Am WE fahren mein Freund und ich von Rückersdorf aus Touren Richtung Schnaittach und Co. Melde Dich einfach mal.

Gruß,

Conyo


----------



## MTB-News.de




----------



## Halabaloozah (6. September 2009)

Servus,

zählt da auch Röthenbach/Wendelstein/Burgthann die Ecke? Bin da öfters unterwegs...

@conyo:
Fahrt ihr eher gemütlich oder CC-Marathon-Hetzjagd-mäßig?

Greetz


----------



## raemon49 (6. September 2009)

Moin miteinander,

Danke für die Antwort, ohne Funzel geht's 18:00 Uhr nicht mehr, da ich noch keine hab fällt das Mittwochs für mich erst mal flach. Ich denke, ich werde mir mal eine holen und dann komme ich mal dazu. 
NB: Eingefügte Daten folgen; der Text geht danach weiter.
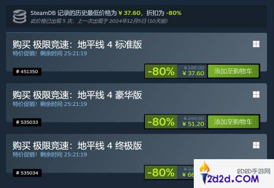 目前《极限竞速:地平线4》在Steam上2折优惠中,标准版37.6元、豪华版51.2元、终极版66.6元。
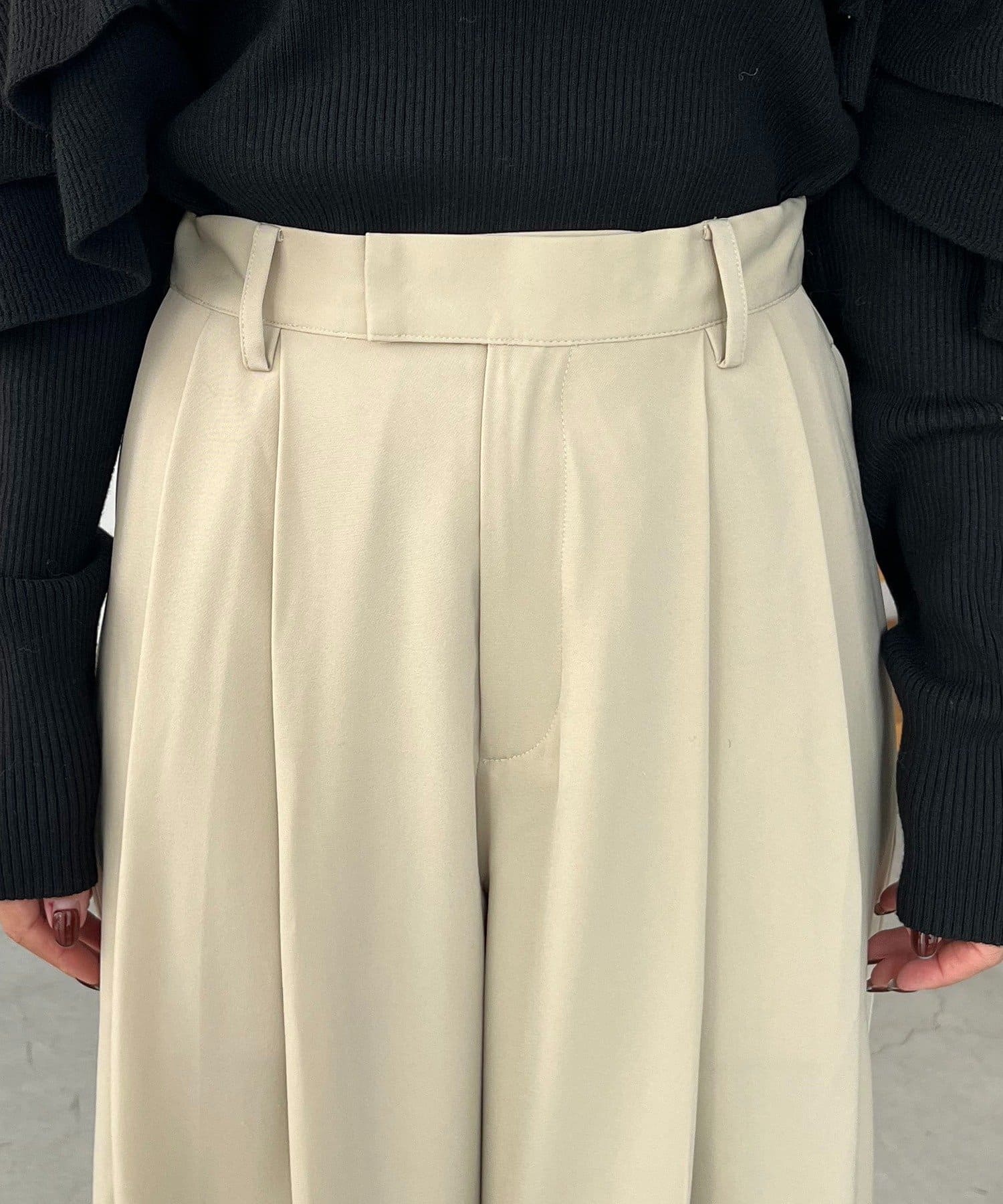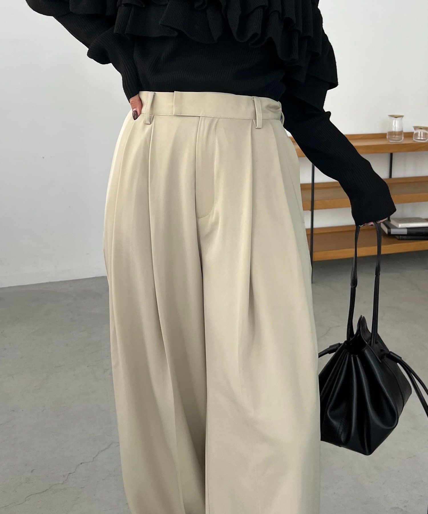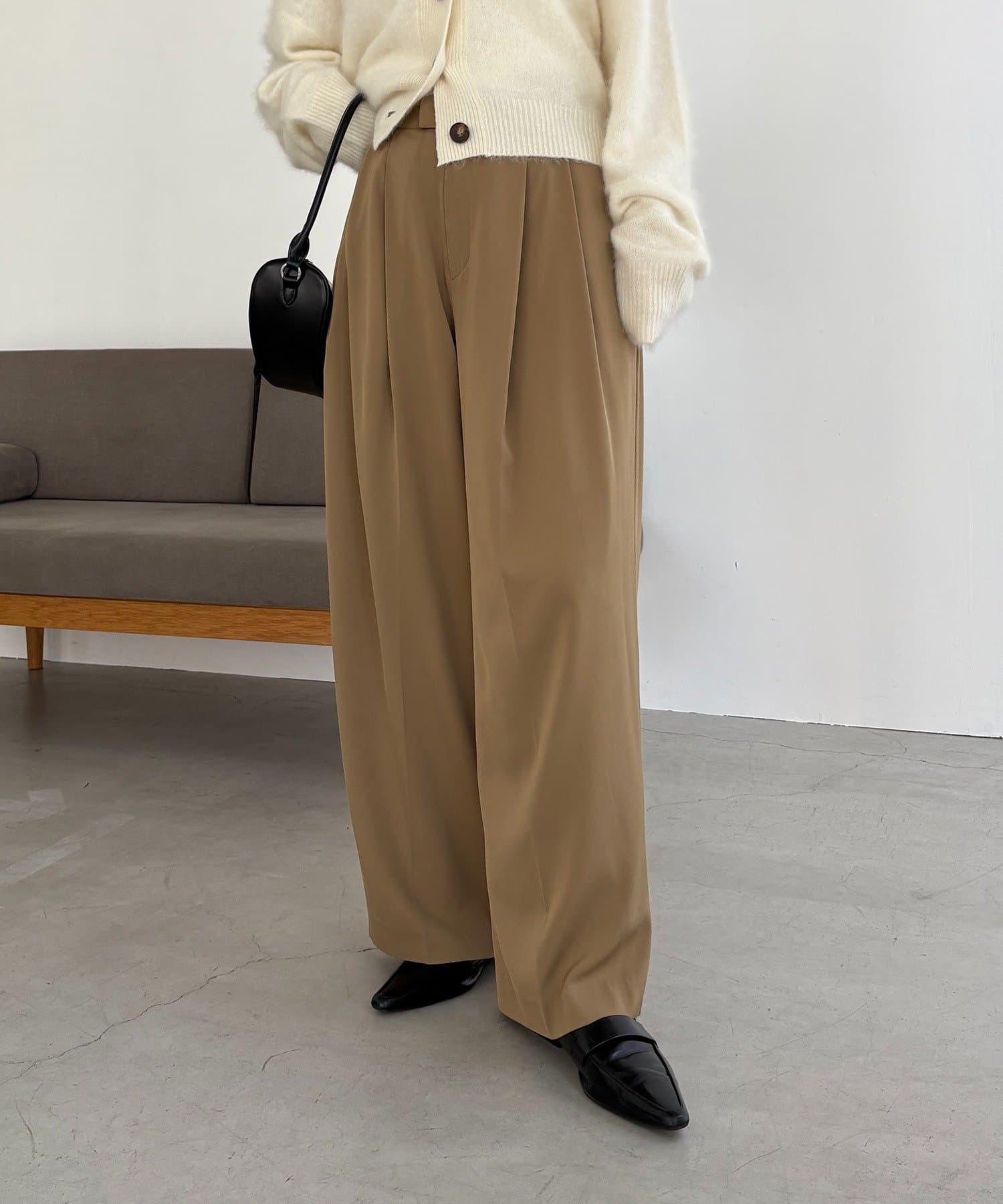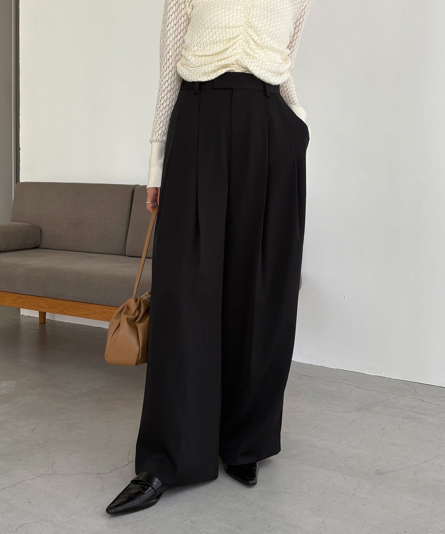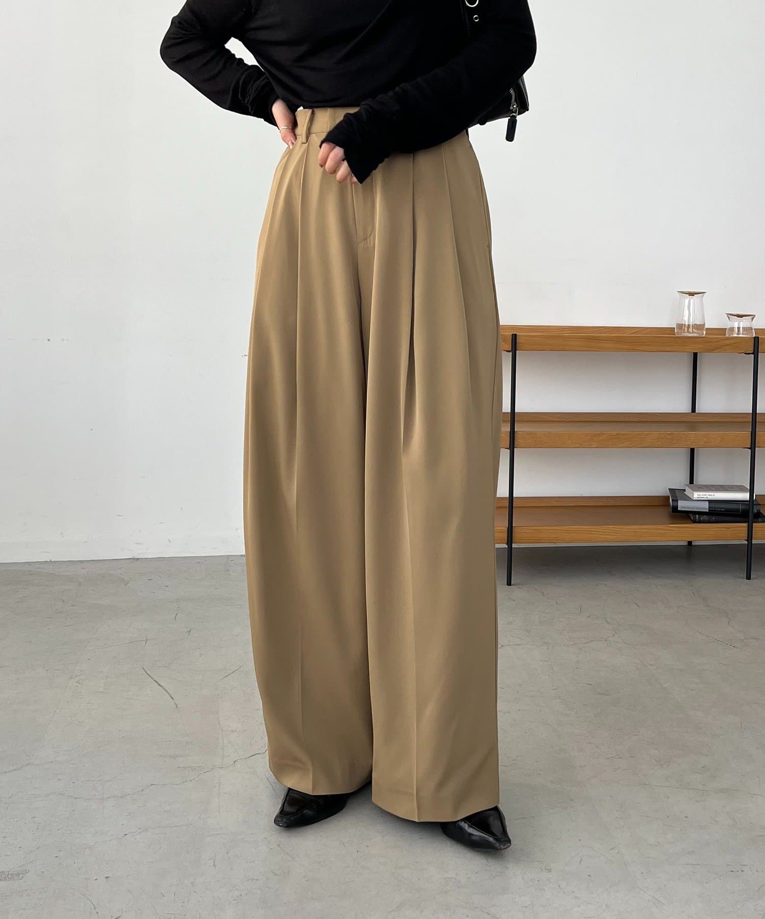 ・レマージュでロングセラーの2タックワイドパンツに比べより落ち感のある生地

Wenn ihr mal am Wochenende was fahrt, bin ich gerne mal dabei.

@Halabaloozah: in die Ecke da "unten" bin ich noch nie vorgedrungen, man könnte sich aber mal in Ungelstten treffen, liegt in der Mitte. Bin meistens so Richtung im Dreieck Tiergarten - Hohenstein - Deckersberg unterwegs.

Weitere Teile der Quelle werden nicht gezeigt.